SOURCE MATERIAL below:
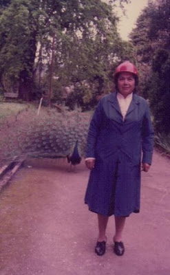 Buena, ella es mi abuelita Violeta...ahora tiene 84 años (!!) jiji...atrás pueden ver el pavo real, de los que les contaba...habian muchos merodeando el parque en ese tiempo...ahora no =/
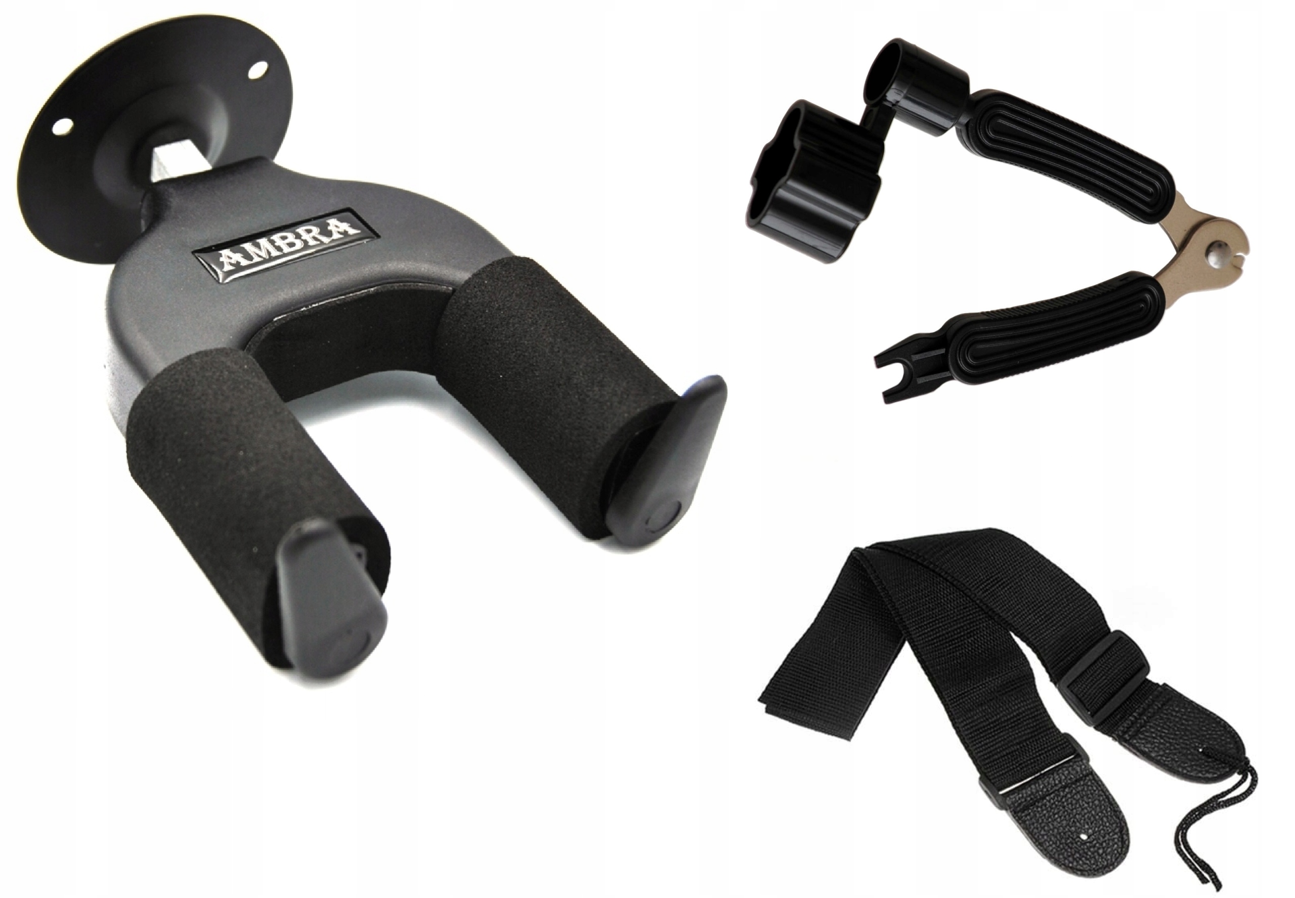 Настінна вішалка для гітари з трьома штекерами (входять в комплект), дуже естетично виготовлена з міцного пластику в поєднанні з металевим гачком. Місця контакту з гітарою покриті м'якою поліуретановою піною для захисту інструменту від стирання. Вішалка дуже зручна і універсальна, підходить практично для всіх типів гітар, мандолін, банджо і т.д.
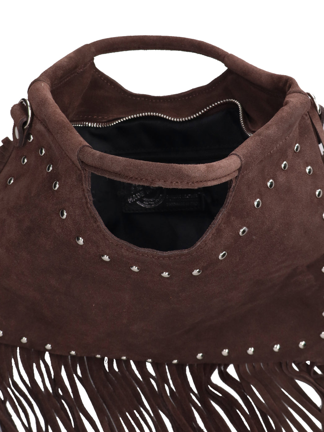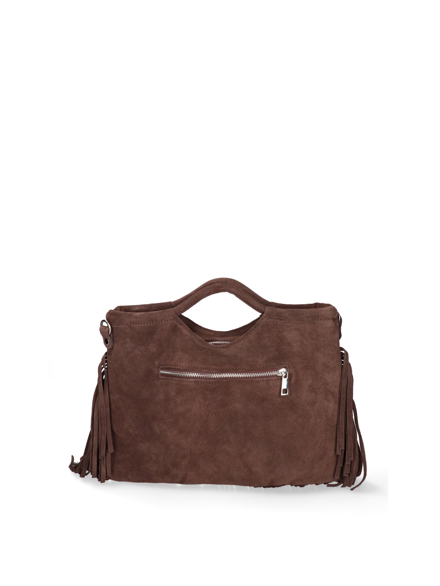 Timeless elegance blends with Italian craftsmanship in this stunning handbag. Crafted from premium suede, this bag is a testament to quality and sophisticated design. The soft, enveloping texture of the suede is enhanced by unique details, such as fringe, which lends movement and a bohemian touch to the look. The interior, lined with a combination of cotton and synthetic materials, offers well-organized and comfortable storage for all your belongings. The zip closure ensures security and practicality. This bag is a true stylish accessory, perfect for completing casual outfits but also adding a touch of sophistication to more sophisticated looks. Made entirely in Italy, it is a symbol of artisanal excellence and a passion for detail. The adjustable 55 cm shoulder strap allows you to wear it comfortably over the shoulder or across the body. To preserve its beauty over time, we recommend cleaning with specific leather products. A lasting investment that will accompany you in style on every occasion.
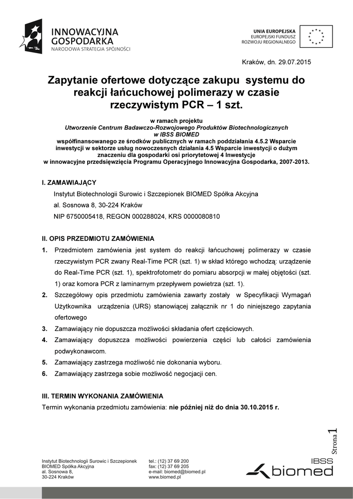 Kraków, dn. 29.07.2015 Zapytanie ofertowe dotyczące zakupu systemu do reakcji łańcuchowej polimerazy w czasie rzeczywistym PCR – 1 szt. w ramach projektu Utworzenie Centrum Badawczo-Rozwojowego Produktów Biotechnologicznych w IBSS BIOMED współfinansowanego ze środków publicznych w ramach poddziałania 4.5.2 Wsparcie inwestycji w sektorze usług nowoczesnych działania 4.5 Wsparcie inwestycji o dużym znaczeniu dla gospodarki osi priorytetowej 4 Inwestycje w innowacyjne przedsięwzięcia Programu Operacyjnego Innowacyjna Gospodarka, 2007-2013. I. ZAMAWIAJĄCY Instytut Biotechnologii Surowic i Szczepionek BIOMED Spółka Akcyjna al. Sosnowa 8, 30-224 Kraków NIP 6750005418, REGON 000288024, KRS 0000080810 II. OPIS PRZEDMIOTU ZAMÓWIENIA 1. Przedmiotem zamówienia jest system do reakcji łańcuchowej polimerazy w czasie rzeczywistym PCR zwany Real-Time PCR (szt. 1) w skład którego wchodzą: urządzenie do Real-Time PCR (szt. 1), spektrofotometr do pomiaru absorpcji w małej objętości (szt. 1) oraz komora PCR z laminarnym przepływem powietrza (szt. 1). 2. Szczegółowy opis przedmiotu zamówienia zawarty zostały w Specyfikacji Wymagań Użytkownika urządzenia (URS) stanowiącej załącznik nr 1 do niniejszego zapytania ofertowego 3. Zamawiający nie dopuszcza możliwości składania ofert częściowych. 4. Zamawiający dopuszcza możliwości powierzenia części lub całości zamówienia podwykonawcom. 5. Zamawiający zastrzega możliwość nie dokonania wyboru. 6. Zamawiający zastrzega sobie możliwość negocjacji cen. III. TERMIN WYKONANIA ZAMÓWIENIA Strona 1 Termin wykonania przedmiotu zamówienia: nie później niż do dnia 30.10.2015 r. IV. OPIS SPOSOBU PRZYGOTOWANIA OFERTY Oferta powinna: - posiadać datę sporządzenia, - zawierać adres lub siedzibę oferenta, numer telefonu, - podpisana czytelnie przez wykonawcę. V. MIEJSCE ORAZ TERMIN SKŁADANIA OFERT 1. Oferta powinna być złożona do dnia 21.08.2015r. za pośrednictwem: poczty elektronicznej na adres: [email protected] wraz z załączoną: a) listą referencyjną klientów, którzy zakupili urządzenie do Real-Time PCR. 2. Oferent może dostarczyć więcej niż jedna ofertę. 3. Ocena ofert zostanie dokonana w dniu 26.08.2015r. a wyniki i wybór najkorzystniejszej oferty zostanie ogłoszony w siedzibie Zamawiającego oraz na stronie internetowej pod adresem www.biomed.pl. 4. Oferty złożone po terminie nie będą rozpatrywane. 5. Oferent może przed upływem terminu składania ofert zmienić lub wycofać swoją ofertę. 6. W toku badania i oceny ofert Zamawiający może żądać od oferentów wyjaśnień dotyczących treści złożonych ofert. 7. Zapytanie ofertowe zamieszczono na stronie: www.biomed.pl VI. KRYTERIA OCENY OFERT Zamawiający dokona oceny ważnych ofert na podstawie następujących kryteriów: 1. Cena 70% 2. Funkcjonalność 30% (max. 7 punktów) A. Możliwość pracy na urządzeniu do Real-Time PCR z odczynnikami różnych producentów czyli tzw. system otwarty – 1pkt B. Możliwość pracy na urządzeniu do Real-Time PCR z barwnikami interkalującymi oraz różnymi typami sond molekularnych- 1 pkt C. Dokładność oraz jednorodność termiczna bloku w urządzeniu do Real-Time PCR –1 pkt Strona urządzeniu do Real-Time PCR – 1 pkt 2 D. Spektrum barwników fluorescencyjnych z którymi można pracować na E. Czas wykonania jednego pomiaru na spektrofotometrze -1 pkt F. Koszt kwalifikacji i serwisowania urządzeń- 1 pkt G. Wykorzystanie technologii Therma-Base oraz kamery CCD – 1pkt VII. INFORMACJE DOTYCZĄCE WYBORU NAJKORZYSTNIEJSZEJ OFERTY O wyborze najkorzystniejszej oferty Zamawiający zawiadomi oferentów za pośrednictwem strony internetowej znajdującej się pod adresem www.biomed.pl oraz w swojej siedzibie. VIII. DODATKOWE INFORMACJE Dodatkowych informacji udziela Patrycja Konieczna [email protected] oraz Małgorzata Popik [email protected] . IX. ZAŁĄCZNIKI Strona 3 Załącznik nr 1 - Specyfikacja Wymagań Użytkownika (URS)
End of SOURCE MATERIAL.
SOURCE MATERIAL below:
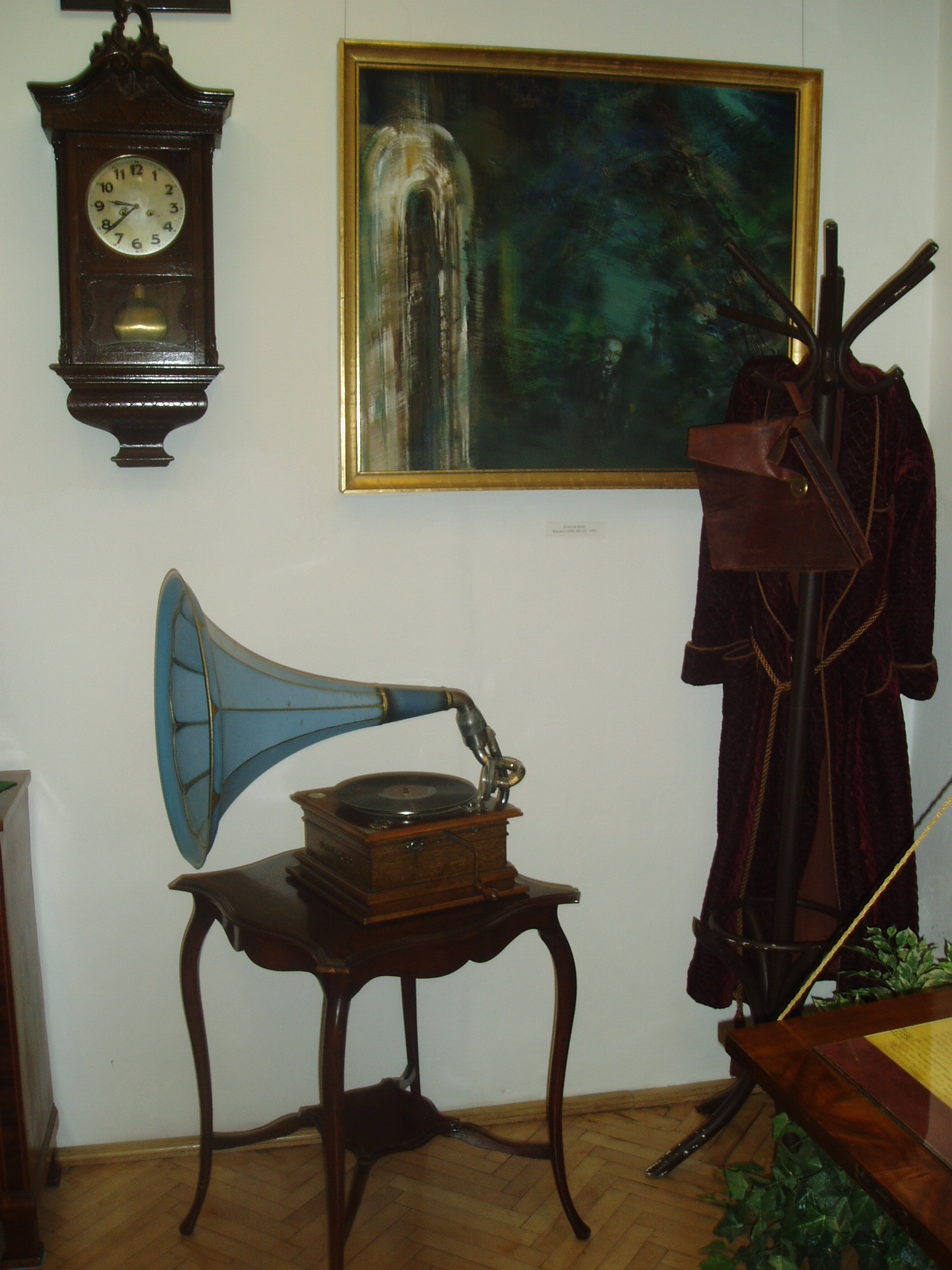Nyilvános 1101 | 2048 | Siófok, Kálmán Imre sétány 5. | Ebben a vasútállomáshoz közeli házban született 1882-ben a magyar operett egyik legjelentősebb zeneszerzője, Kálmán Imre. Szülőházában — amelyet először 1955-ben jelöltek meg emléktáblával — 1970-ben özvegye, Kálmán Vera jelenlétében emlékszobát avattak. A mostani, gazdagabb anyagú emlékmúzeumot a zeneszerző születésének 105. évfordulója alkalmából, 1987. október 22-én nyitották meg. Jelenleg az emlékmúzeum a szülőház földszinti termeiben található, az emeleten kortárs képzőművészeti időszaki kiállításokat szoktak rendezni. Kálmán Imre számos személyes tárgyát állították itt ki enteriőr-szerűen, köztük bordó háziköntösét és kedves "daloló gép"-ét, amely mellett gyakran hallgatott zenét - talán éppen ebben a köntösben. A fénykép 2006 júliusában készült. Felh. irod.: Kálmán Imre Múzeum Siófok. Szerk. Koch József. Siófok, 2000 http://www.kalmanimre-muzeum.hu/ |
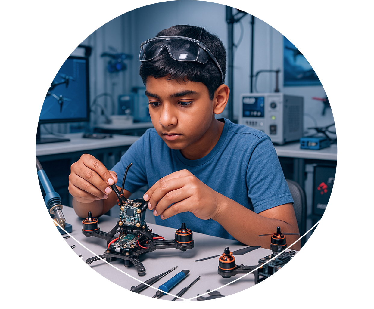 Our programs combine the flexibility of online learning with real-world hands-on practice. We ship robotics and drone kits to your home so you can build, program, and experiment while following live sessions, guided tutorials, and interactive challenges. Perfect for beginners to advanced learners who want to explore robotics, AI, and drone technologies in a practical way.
End of SOURCE MATERIAL.
[YOUR GOAL]
Within these entries, output exactly the lines starting at the one with "Nyilvános 1101 |" and finishing at the one with "Our programs combine". Leave pictures out of the output.

[REPLY]
Nyilvános 1101 | 2048 | Siófok, Kálmán Imre sétány 5. | Ebben a vasútállomáshoz közeli házban született 1882-ben a magyar operett egyik legjelentősebb zeneszerzője, Kálmán Imre. Szülőházában — amelyet először 1955-ben jelöltek meg emléktáblával — 1970-ben özvegye, Kálmán Vera jelenlétében emlékszobát avattak. A mostani, gazdagabb anyagú emlékmúzeumot a zeneszerző születésének 105. évfordulója alkalmából, 1987. október 22-én nyitották meg. Jelenleg az emlékmúzeum a szülőház földszinti termeiben található, az emeleten kortárs képzőművészeti időszaki kiállításokat szoktak rendezni. Kálmán Imre számos személyes tárgyát állították itt ki enteriőr-szerűen, köztük bordó háziköntösét és kedves "daloló gép"-ét, amely mellett gyakran hallgatott zenét - talán éppen ebben a köntösben. A fénykép 2006 júliusában készült. Felh. irod.: Kálmán Imre Múzeum Siófok. Szerk. Koch József. Siófok, 2000 http://www.kalmanimre-muzeum.hu/ |
 Our programs combine the flexibility of online learning with real-world hands-on practice. We ship robotics and drone kits to your home so you can build, program, and experiment while following live sessions, guided tutorials, and interactive challenges. Perfect for beginners to advanced learners who want to explore robotics, AI, and drone technologies in a practical way.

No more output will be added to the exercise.